_WHAT THE EXERCISE ASKS_
Could the data below please be reproduced word for word, without the pictures?

_SUPPLIED DATA_
====================

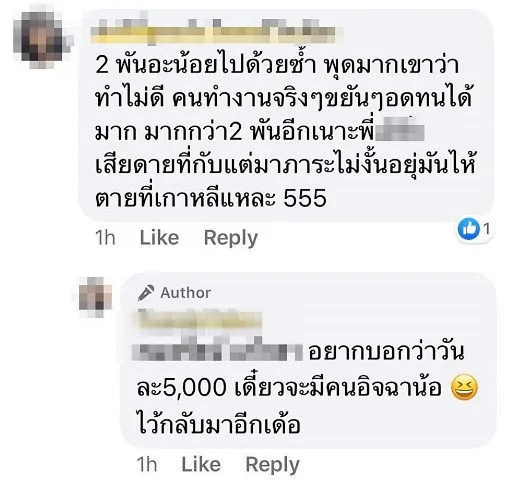 ซึ่งงานนี้ฝั่งผีน้อยเองก็หัวร้อน ฉะกลับคนที่เข้ามาต่อว่า โดยอวดว่าตัวเองทำงานค่าแรงวันละ 2,000 บาท แต่คนที่มาเหยียดค่าแรงวันละ 300 เหยียดเพราะอคติหรืออิจฉา บางคนก็บอกว่า ถ้ากลับไปจะเป็นซอมบี้แพร่เชื้อ
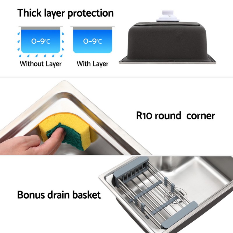 The Cefito Kitchen Sink is the epitome of style and functionality for your kitchen or laundry area. Made from heavy-duty, lead-free 304 stainless steel, this sink offers durability and a satin-coated finish for a sleek look. Its anti-condensation paint and R10 round corners ensure easy cleaning and lasting performance. Versatile in installation, it suits under-mount, flush-mount, and drop-in setups. Enjoy peace of mind with a Watermark certified water strainer and a 5-year warranty.
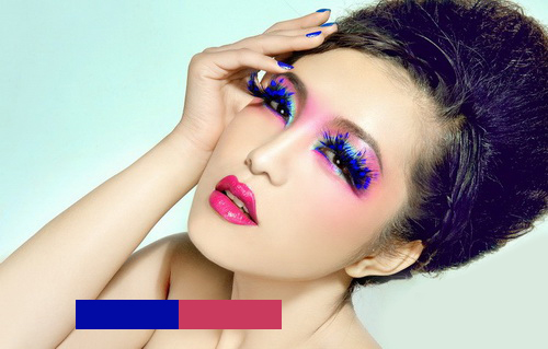 桃紅色是紅色中加入了少量的紫色調和而成的,在色相環(huán)中,與緊鄰的藍色形成對比關系。桃紅色浪漫艷麗,藍色冰爽清涼,兩種亮色碰撞如冰火相溶,視覺上對比強烈。用藍色花紋羽睫粘在眼部,用桃粉色眼影大面積暈染眼瞼,使妝面于強勢中帶著一股柔媚的氣質。小面積翠綠色眼影和淺藍色的背景呼應,使整個畫面既個性冷艷,又亮麗清爽,又有視覺上的沖擊力。
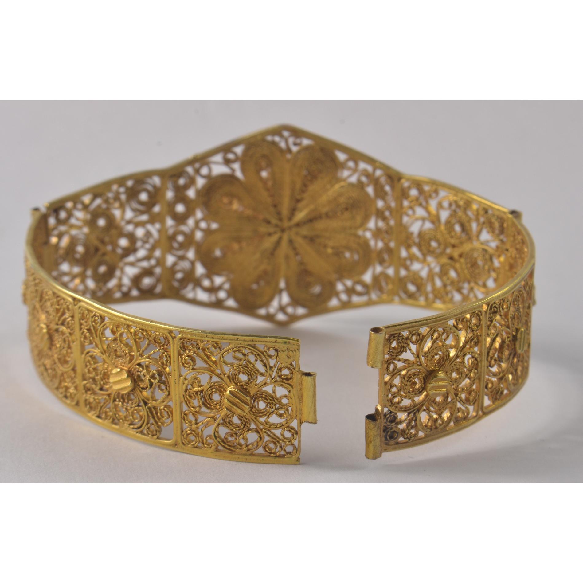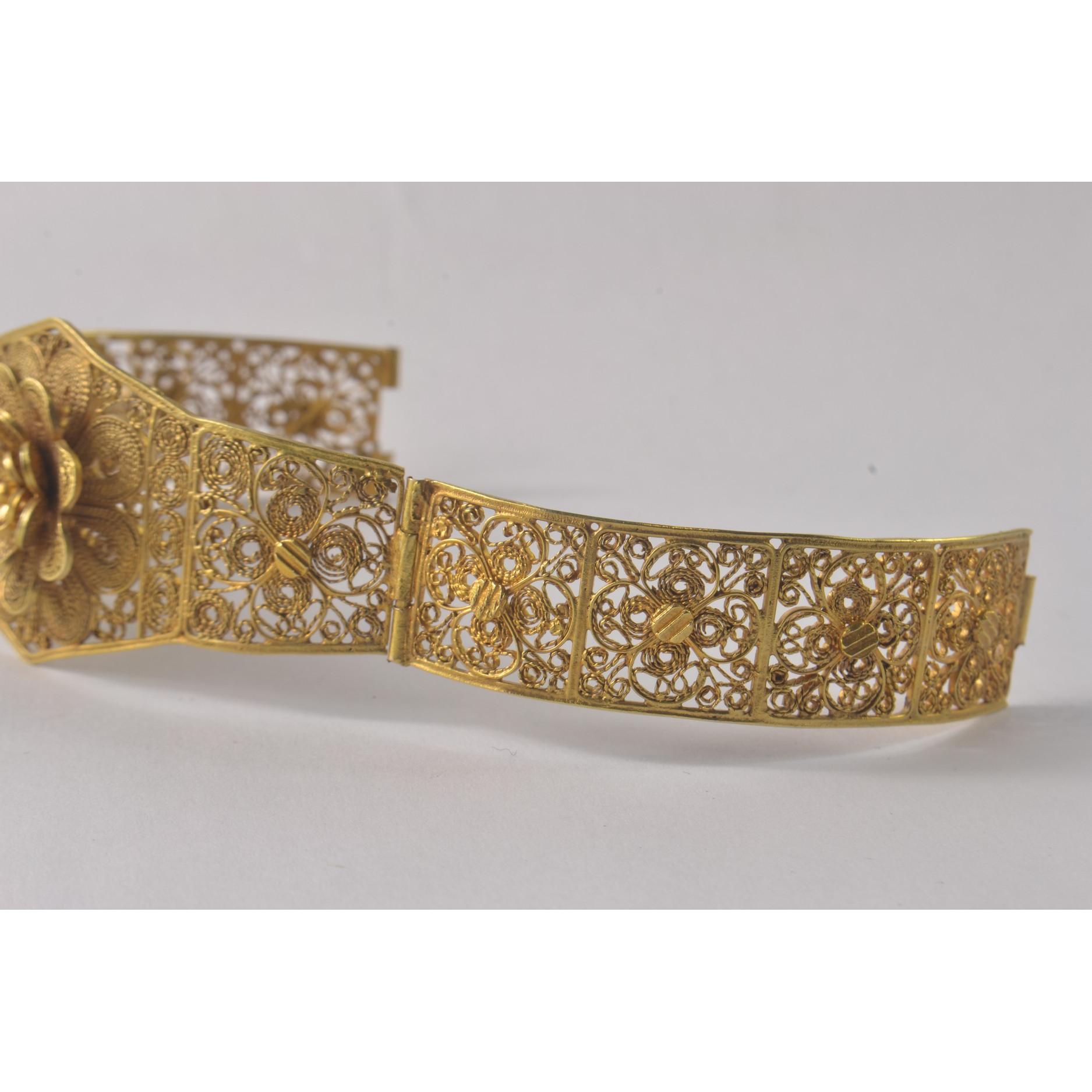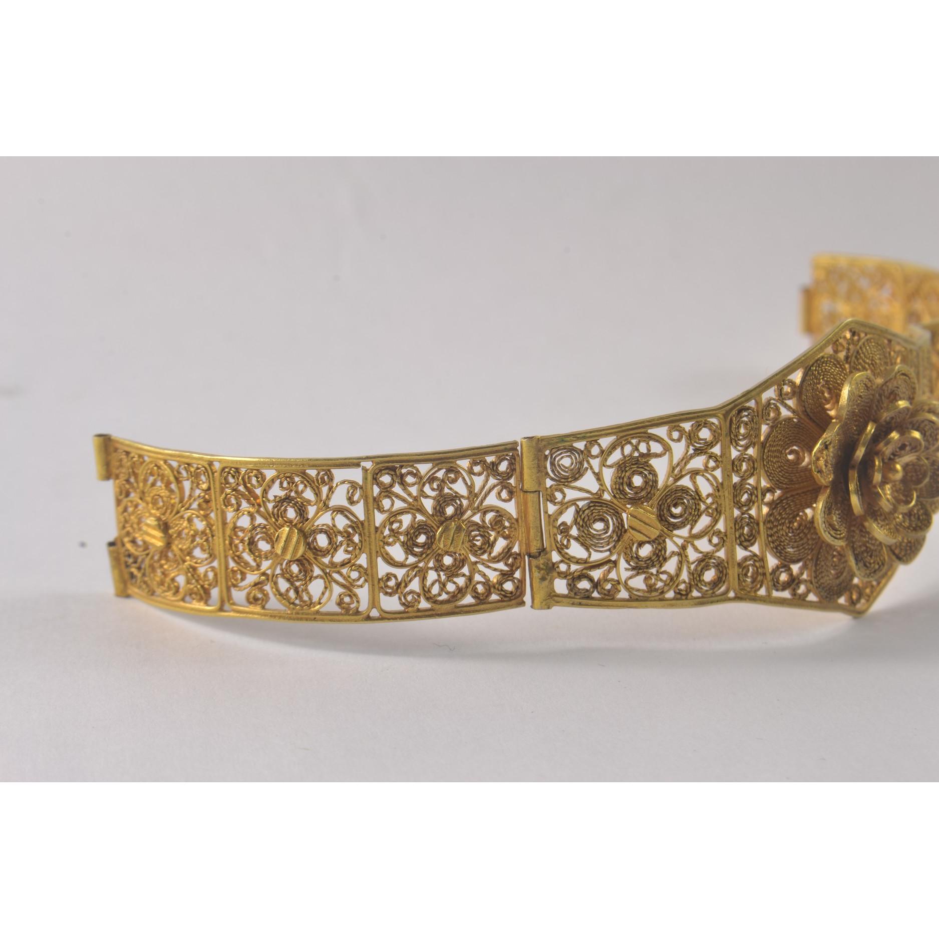 TRULY MAGNIFICIENT CRAFTMANSHIP! A Venezuelan14ct Tested Yellow Gold Filigree design triple bracelet with a central decorative flower form [L 15cm ]Gross weight approx 19.80 grms

====================

_RESPONSE TO THE TASK_
 ซึ่งงานนี้ฝั่งผีน้อยเองก็หัวร้อน ฉะกลับคนที่เข้ามาต่อว่า โดยอวดว่าตัวเองทำงานค่าแรงวันละ 2,000 บาท แต่คนที่มาเหยียดค่าแรงวันละ 300 เหยียดเพราะอคติหรืออิจฉา บางคนก็บอกว่า ถ้ากลับไปจะเป็นซอมบี้แพร่เชื้อ
 The Cefito Kitchen Sink is the epitome of style and functionality for your kitchen or laundry area. Made from heavy-duty, lead-free 304 stainless steel, this sink offers durability and a satin-coated finish for a sleek look. Its anti-condensation paint and R10 round corners ensure easy cleaning and lasting performance. Versatile in installation, it suits under-mount, flush-mount, and drop-in setups. Enjoy peace of mind with a Watermark certified water strainer and a 5-year warranty.
 桃紅色是紅色中加入了少量的紫色調和而成的,在色相環(huán)中,與緊鄰的藍色形成對比關系。桃紅色浪漫艷麗,藍色冰爽清涼,兩種亮色碰撞如冰火相溶,視覺上對比強烈。用藍色花紋羽睫粘在眼部,用桃粉色眼影大面積暈染眼瞼,使妝面于強勢中帶著一股柔媚的氣質。小面積翠綠色眼影和淺藍色的背景呼應,使整個畫面既個性冷艷,又亮麗清爽,又有視覺上的沖擊力。
 TRULY MAGNIFICIENT CRAFTMANSHIP! A Venezuelan14ct Tested Yellow Gold Filigree design triple bracelet with a central decorative flower form [L 15cm ]Gross weight approx 19.80 grms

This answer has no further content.